Что мы знаем о Лиле, которой исполнилось тогда лишь двадцать два года? «Маленькая девушка с внимательными глазами и выпуклым лбом, – напишет о ней Волошин. – Была хрома от рождения и с детства привыкла считать себя уродом». До квартиры на 7-й линии жила с матерью, старшим братом и сестрой сначала на Малом проспекте (В.О., Малый пр., 15), потом на 6-й линии (6-я линия, 41). Покойный отец ее был учителем чистописания, мать – акушеркой. Брат, который страдал падучей, в детстве заставлял Лилю просить милостыню, хотя полученные монеты выбрасывал: «стыдно было» ему, дворянину. Сестра же требовала, чтобы ей приносили в жертву самое любимое, и они сжигали игрушки. Когда нечего было жечь, бросили в печь щенка, взрослые едва вытащили его. У Лили был костный туберкулез, осталась хромой на всю жизнь. Брат и сестра, смеясь, отламывали ноги у ее кукол: «Раз ты хромая, у тебя должны быть хромые игрушки». Долгие годы Лиля не вставала с постели, в тринадцать ее изнасилует любовник матери. Изувеченная, жуткая жизнь. Но гимназию окончит с медалью, а стихи начнет писать как раз с тринадцати. О них высоко отзовется потом Цветаева: «В этой молодой школьной девушке жил нескромный, нешкольный, жестокий дар, который не только не хромал, а, как Пегас, земли не знал». Так считал и Волошин. Но именно стихи ее и отвергнет редактор только что созданного журнала «Аполлон» и друг, как помним, Гумилева Сергей Маковский. Он считал, что если и «пускать» на страницы изысканного «Аполлона» женщин, то только уж светских дам – как бы равных журналу. Тогда-то и явилась миру Черубина де Габриак – самая громкая авантюра Серебряного века!..

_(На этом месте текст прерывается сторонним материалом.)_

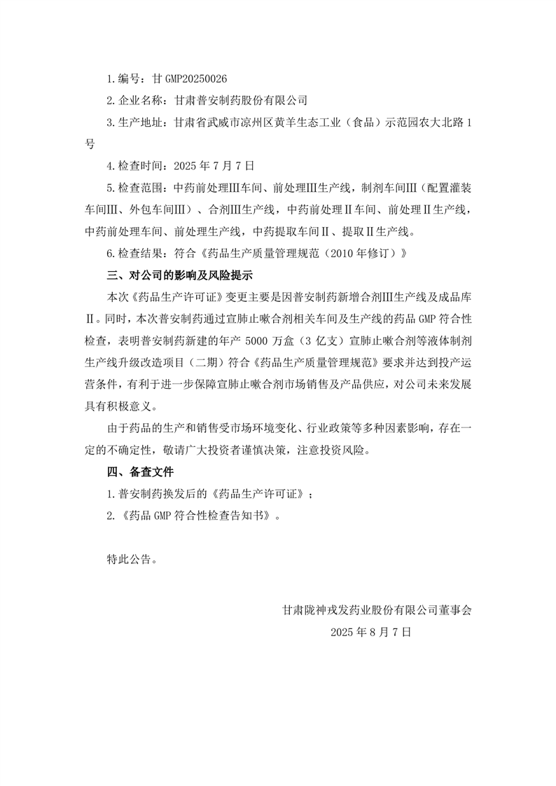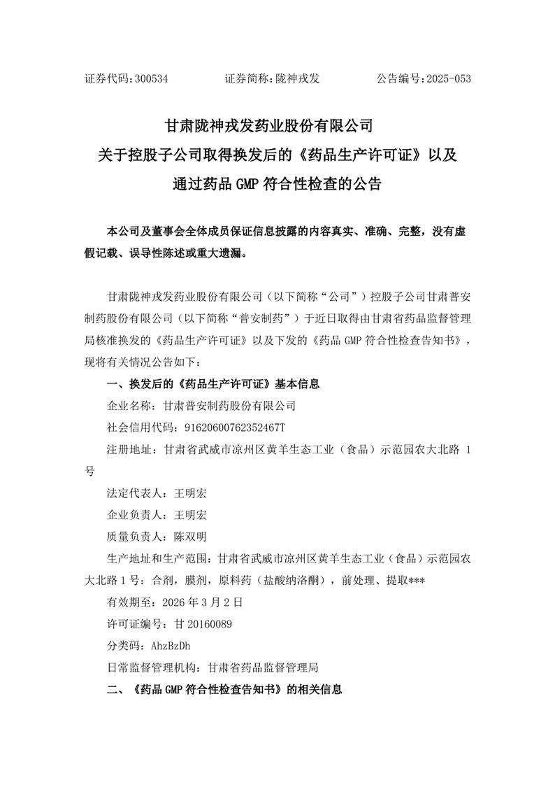 關(guān)于控股子公司取得換發(fā)后的《藥品生產(chǎn)許可證》以及通過藥品GMP符合性檢查的公告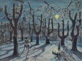 Fons Gieles werd geinspireerd tot de 'Dance macabre” toen hij over de Korenmarkt van Bergen op Zoom liep. Mensen van de gemeente waren de platanen aan het snoeien op het moment dat er kraaien en kauwen nestelden. Door het geweld ontstond er enorme onrust onder de vogels en jonkies vielen uit hun nest. De brute en ondoordachte manier van werken heeft hij verbeeld door de geraamtes die, met een zeis in de hand, door de boomtoppen razen.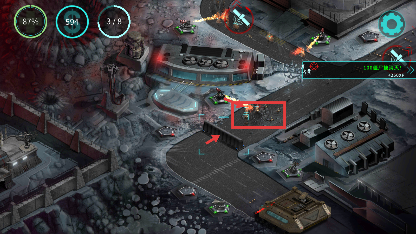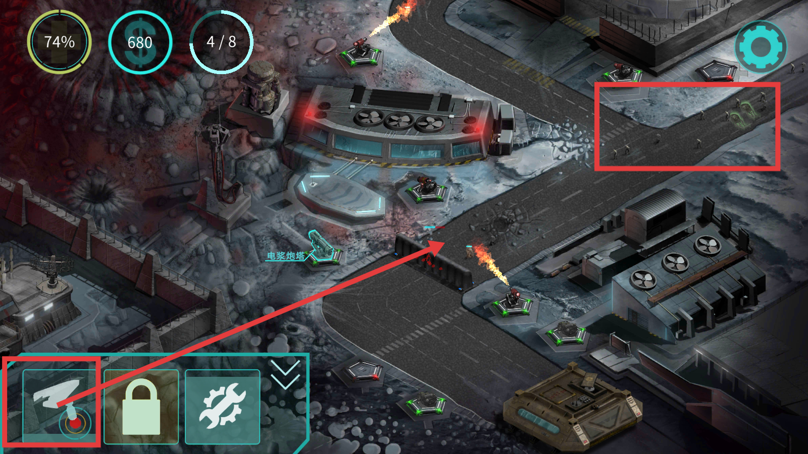 3、部署电浆炮塔等建筑,结合特殊武器,推进击杀进度【4/8】,增强阵地防御能力。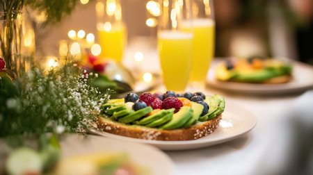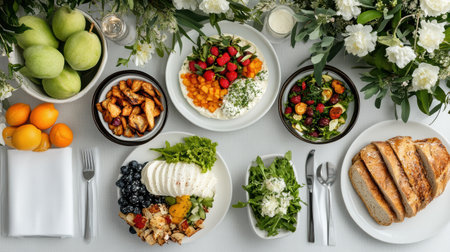 A beautifully arranged gourmet breakfast spread featuring fresh fruits, salads, and bread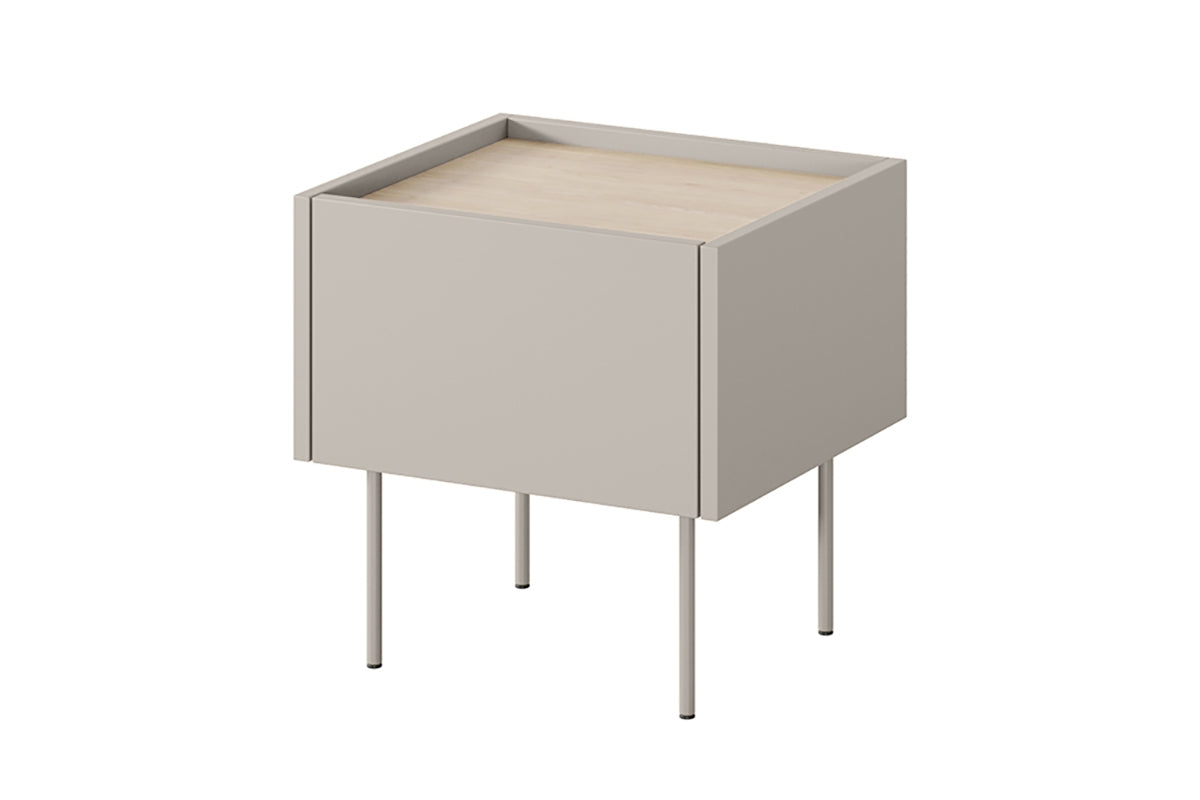 Desin nachtkastje 45 cm met lade en metalen poten - kasjmier / nagano eik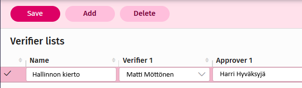Note! If there is only one verifier list in Procountor, invoices automatically go to that circulation - no separate settings are needed for this.

«Пур эпате ле буржуа», – любил повторять Макс, что по-русски означало: «чтобы эпатировать мещан». Мистификация с Черубиной и есть эпатаж. Свои «мистификации» Волошин не бросит и после Черубины, и после дуэли из-за нее. Будет потом умолять юную Цветаеву печатать стихи о России «от лица какого-нибудь… ну, хоть Петухова». «Ты увидишь, – горячечно будет бормотать, – как их через десять дней вся Москва и весь Петербург будут знать наизусть. Брюсов напишет статью. Яблоновский напишет статью. А я напишу предисловие… Как это будет чудесно! Тебя – Брюсов… будет колоть стихами Петухова: “Вот, если бы г-жа Цветаева, вместо того чтобы воспевать собственные зеленые глаза, обратилась к родимым зеленым полям, как г. Петухов, которому тоже семнадцать лет”…» Марина, к счастью, не согласится, как пишет – из-за врожденной честности. А может, не согласится и потому, что Дмитриева до нее не устояла – согласилась…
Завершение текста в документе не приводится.